President Richard Nixon launched the modern U.S. War on Drugs after having run on a platform of “law and order.” It fit perfectly with his appeal to people who feared and resented the 1960s rebellions by African-Americans, anti-war leftists, hippies, gays and lesbians, and “women’s libbers.” In the fall of 1969, his Operation Intercept virtually stopped traffic at the Mexican border for three weeks, searching almost every vehicle trying to cross in an effort to stem pot smuggling. Its effect on the nation’s weed supply disproved the “gateway theory”: It showed that the lack of marijuana leads users to try other drugs.

While crime was rising rapidly, and some of it was related to heroin addicts robbing and stealing, Nixon’s War on Drugs had blatant cultural and racial elements. He personally believed that Communists and left-wingers were «pushing the stuff, they’re trying to destroy us.”

“We knew we couldn’t make it illegal to be either against the war or black, but by getting the public to associate the hippies with marijuana and blacks with heroin, and then criminalizing both heavily, we could disrupt those communities,” former Nixon adviser John Ehrlichman told journalist Dan Baum in 1994. “Did we know we were lying about the drugs? Of course we did.”

Despite Nixon’s call for “all-out war,” pot proliferated pervasively in the 1970s. At rock concerts by bands like the Grateful Dead, Led Zeppelin and Pink Floyd, clouds of smoke would fill arenas packed with thousands of music-loving stoners. Headshops selling metal pipes, plastic bongs, rolling papers and roach clips popped up on Main Streets and in shopping malls.

The annual number of arrests for pot, less than 100,000 in 1968, passed 400,000 by 1973. With penalties in many states draconian—Alabama and Louisiana had mandatory-minimum sentences of five years in prison for possession of one joint, and the maximum in Texas was life—public pressure to ease them grew.

The Decrim Wave of the ’70s

Oregon became the first state to “decriminalize” marijuana in 1973, reducing the penalty for possession of less than an ounce to a $500 fine. Ten other states followed over the next five years, including California and New York. Others tentatively allowed medical marijuana, and the federal government—despite the Controlled Substances Act’s declaration that cannabis had “no valid medical use”—established a program to grow it for qualified patients, after glaucoma sufferer Robert Randall won a court decision giving him the right to have a supply in 1975.

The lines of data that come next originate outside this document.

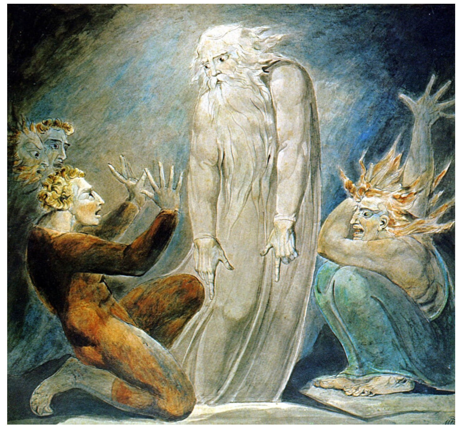In this work, Blake situates the female figure in a prominent compositional position, emphasizing her mediating role, while the scene accentuates gesture to heighten the drama of the encounter: the open hands of Saul and the woman, their intense gazes and slightly parted lips. Expressive force prevails over naturalistic representation, reflecting Blake’s visionary spirit in contrast to academic convention. The woman’s conspicuous visibility, her face, hands, and bodily orientation offered to the viewer, functions here as a visual authorization of her mediating role, in sharp contrast to later images in which that role will be progressively displaced or obscured.
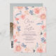 A pretty fall, modern, chic and elegant wedding invitation with custom names with a hand written calligraphy, with a pretty dusty blue, light peach, pink and orange floral touch and 1 photo, add your QR code for rsvp , wedding details and more on pastel blush pink. All the text, names and background colours are customisable. A simple and minimalist invitation featuring pretty garden autumn flowers .
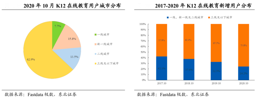 經(jīng)典案例:根據(jù)Fastdata極數(shù)、東北證券等綜合資訊表明,用戶生源結(jié)構(gòu)方面,學(xué)而思網(wǎng)校的付費(fèi)用戶主要來自一二線城市,疫情發(fā)生前 80% 左右的用戶來自一二線城市,20%左右來自低線城市。跟誰學(xué)的用戶分布相對(duì)更均勻,2019年上半年,新生中約一半來自一二線城市,另一半來自低線城市。新東方 在線則雙管齊下,中小學(xué)網(wǎng)校面向一二線城市用戶,東方優(yōu)播則主攻低線城市。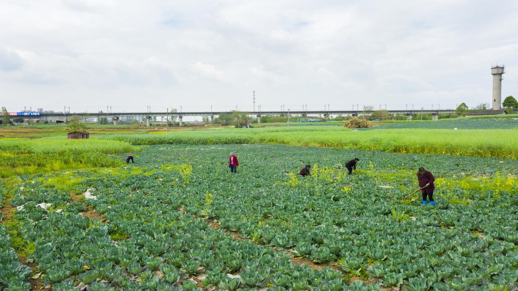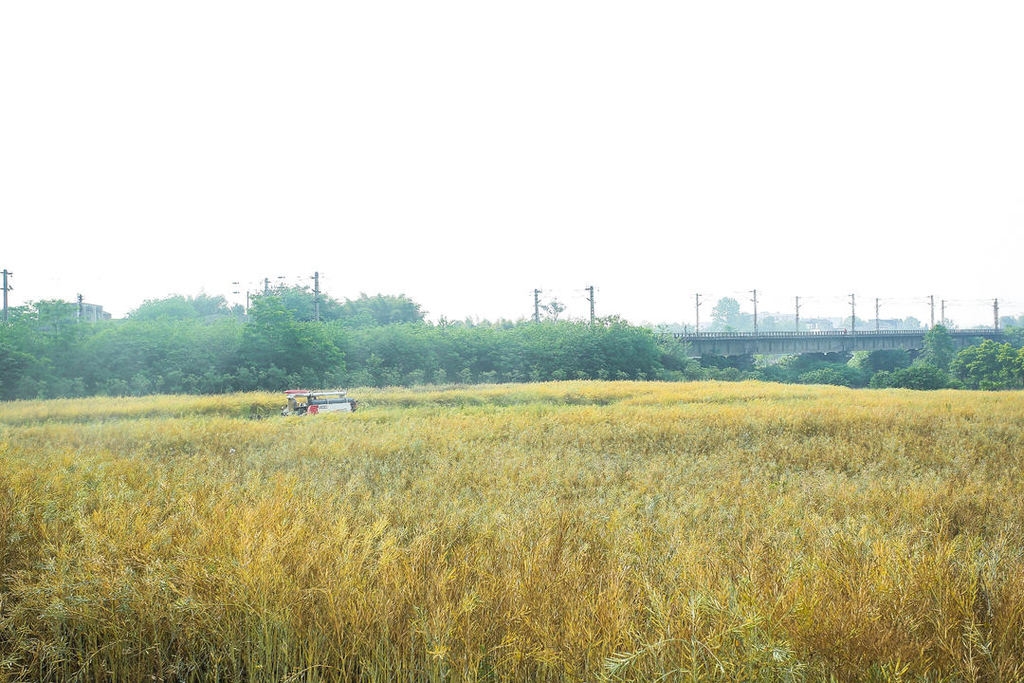 4月23日上午,锦城公园青龙湖湿地,工人们就在田间忙着收割莲花白、油菜籽。这是锦城公园收获的第一批农作物。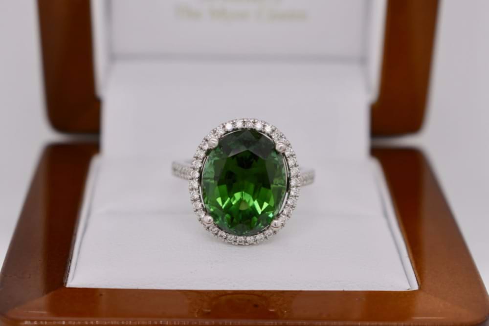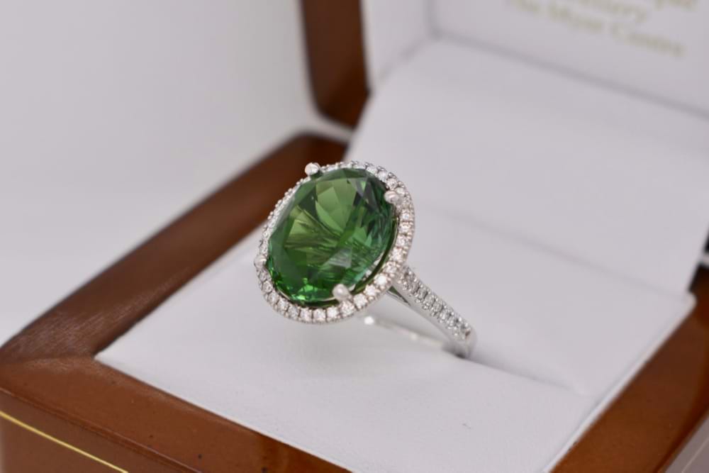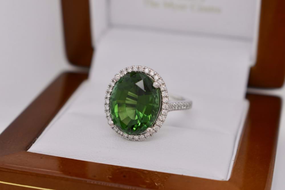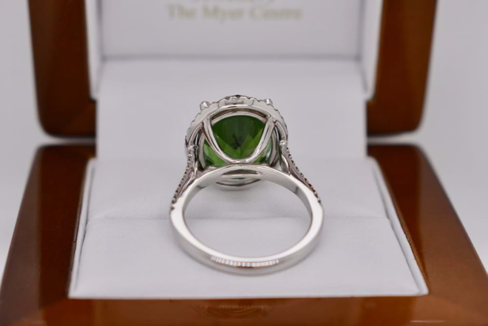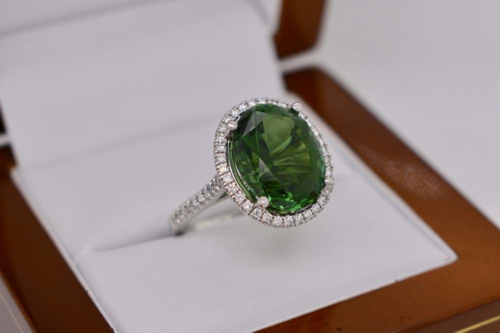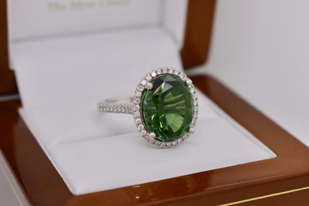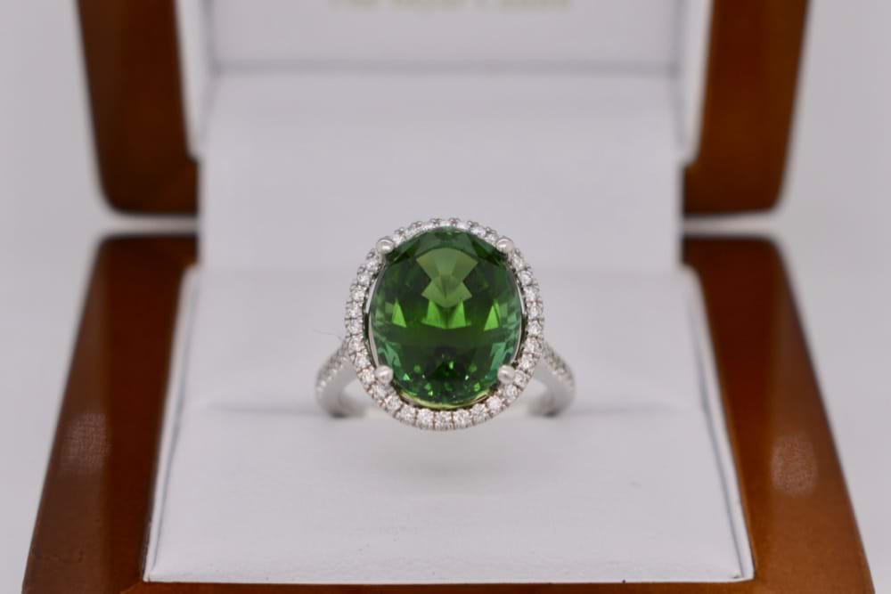 This spectacular dress ring was the perfect surprise for this special ladies anniversary! Featuring a totally divine 8.37ct green tourmaline originating from Afghanistan set into a single sparkling surround of round brilliant cut diamonds also set into the shoulders totalling 54=0.36cts (G/VS-SI) in 18ct white gold. Independent Valuation Supplied.

President Jimmy Carter, elected in 1976, at one point endorsed decriminalization, but also supported the spraying of herbicides on marijuana fields in Mexico, terrifying potheads north of the border. Meanwhile, a backlash was developing. A 1979 survey found one-ninth of high-school seniors reporting that they got high every day, and use by teenagers as young as 13 was common. Irate and politically connected parents launched a crusade to ban the sale of “drug paraphernalia.” By 1983, more than 25 states and scores of local governments had outlawed most of what was sold in head-shops. Some laws were struck down as unconstitutionally vague—how could you prove a pipe was for pot, not tobacco?—but in 1982, the Supreme Court ruled that saying a pipe was “designed for use” with marijuana was clear enough.

Reagan Ushers in «Just Say No»

The election of Ronald Reagan in 1980 heralded a massive counterattack against liberal policies going back to the New Deal. Gains made by labor unions, blacks, women, gays and the overall 1960s counterculture were threatened. “Between 1977 and 1992, a conservative cultural revolution took place,” future Drug Czar John Walters would say later. “It was called the Drug War.”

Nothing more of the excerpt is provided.